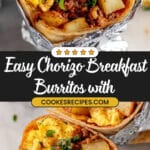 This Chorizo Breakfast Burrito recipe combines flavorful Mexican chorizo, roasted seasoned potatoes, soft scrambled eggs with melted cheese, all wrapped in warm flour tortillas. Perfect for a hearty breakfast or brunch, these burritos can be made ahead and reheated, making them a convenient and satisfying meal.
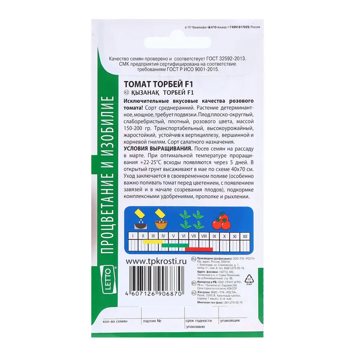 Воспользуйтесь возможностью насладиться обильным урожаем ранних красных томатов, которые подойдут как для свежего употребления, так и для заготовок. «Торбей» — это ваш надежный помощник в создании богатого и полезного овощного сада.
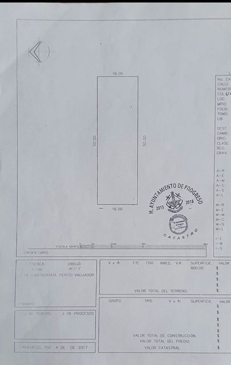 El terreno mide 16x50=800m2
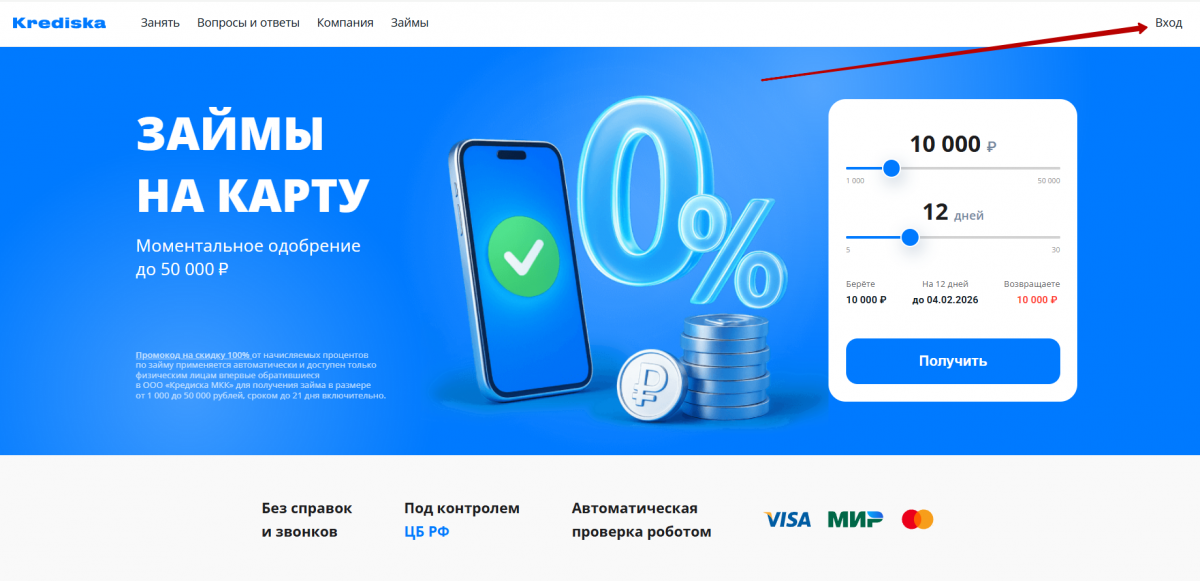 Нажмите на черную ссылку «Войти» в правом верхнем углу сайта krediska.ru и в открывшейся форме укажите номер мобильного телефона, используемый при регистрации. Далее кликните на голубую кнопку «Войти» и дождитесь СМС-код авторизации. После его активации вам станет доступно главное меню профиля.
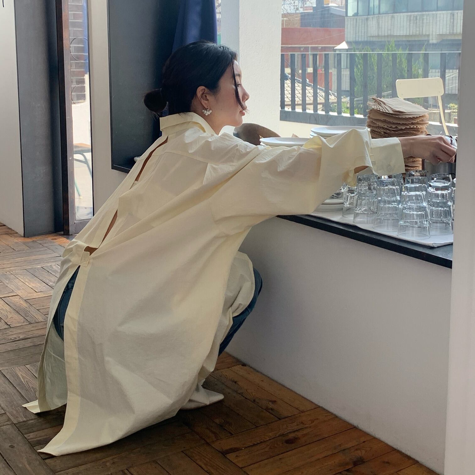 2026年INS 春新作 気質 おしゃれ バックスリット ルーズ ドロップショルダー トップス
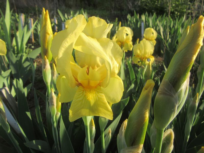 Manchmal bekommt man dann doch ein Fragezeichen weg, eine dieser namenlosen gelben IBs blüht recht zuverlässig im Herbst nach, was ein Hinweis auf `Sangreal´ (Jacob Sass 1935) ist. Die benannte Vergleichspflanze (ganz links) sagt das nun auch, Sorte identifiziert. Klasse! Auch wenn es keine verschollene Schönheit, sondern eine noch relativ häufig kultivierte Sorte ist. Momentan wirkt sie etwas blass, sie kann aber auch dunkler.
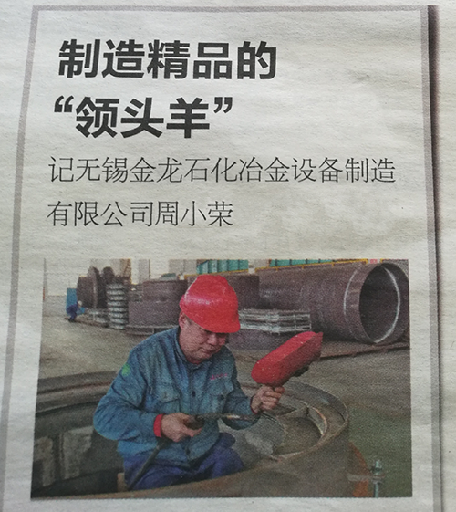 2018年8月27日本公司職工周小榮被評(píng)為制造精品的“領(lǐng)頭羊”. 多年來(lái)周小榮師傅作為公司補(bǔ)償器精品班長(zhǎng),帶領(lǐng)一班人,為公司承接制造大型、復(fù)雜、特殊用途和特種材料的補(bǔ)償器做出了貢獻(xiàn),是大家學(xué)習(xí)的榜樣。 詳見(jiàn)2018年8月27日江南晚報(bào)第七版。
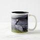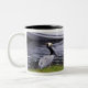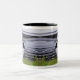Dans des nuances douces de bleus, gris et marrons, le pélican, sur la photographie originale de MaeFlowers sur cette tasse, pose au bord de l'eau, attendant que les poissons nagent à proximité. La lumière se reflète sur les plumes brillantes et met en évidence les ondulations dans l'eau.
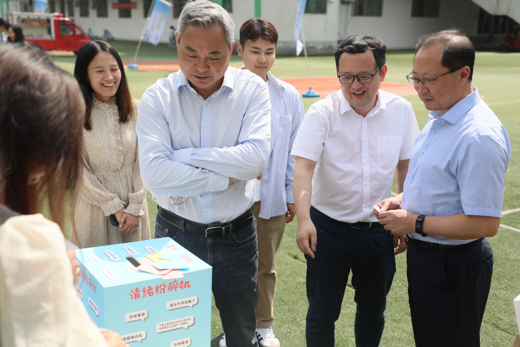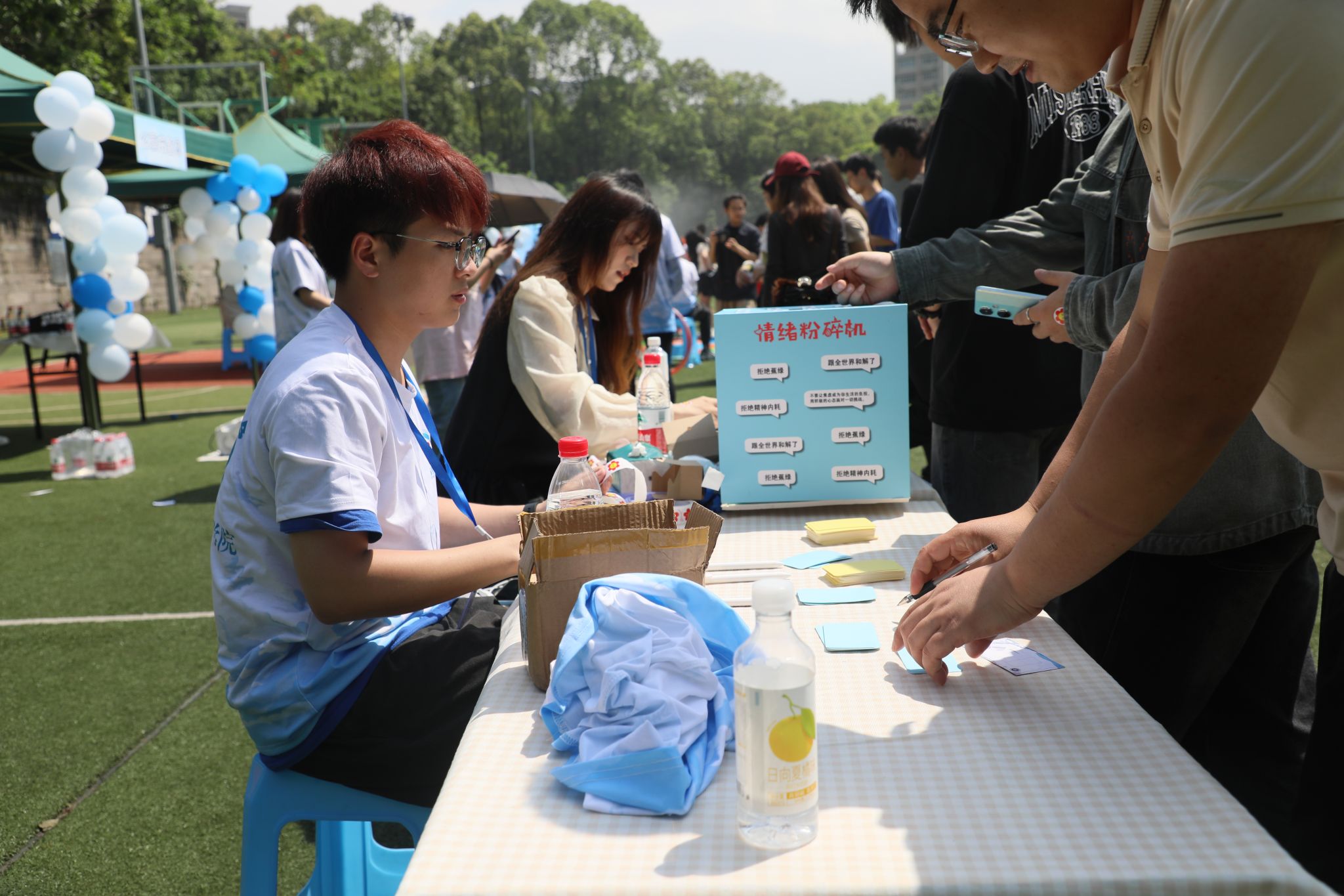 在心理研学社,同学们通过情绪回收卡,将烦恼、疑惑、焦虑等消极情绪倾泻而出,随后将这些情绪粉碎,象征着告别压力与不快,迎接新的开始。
══════════════════════════════
◆ EXERCISE BRIEF
Each line from the one containing "El terreno mide 16x50=800m2" through the last line of the listing must be copied exactly, and the pictures must not be.

◆ EXPECTED ANSWER
 El terreno mide 16x50=800m2
 Нажмите на черную ссылку «Войти» в правом верхнем углу сайта krediska.ru и в открывшейся форме укажите номер мобильного телефона, используемый при регистрации. Далее кликните на голубую кнопку «Войти» и дождитесь СМС-код авторизации. После его активации вам станет доступно главное меню профиля.
 2026年INS 春新作 気質 おしゃれ バックスリット ルーズ ドロップショルダー トップス
 Manchmal bekommt man dann doch ein Fragezeichen weg, eine dieser namenlosen gelben IBs blüht recht zuverlässig im Herbst nach, was ein Hinweis auf `Sangreal´ (Jacob Sass 1935) ist. Die benannte Vergleichspflanze (ganz links) sagt das nun auch, Sorte identifiziert. Klasse! Auch wenn es keine verschollene Schönheit, sondern eine noch relativ häufig kultivierte Sorte ist. Momentan wirkt sie etwas blass, sie kann aber auch dunkler.
 2018年8月27日本公司職工周小榮被評(píng)為制造精品的“領(lǐng)頭羊”. 多年來(lái)周小榮師傅作為公司補(bǔ)償器精品班長(zhǎng),帶領(lǐng)一班人,為公司承接制造大型、復(fù)雜、特殊用途和特種材料的補(bǔ)償器做出了貢獻(xiàn),是大家學(xué)習(xí)的榜樣。 詳見(jiàn)2018年8月27日江南晚報(bào)第七版。
Dans des nuances douces de bleus, gris et marrons, le pélican, sur la photographie originale de MaeFlowers sur cette tasse, pose au bord de l'eau, attendant que les poissons nagent à proximité. La lumière se reflète sur les plumes brillantes et met en évidence les ondulations dans l'eau.
 在心理研学社,同学们通过情绪回收卡,将烦恼、疑惑、焦虑等消极情绪倾泻而出,随后将这些情绪粉碎,象征着告别压力与不快,迎接新的开始。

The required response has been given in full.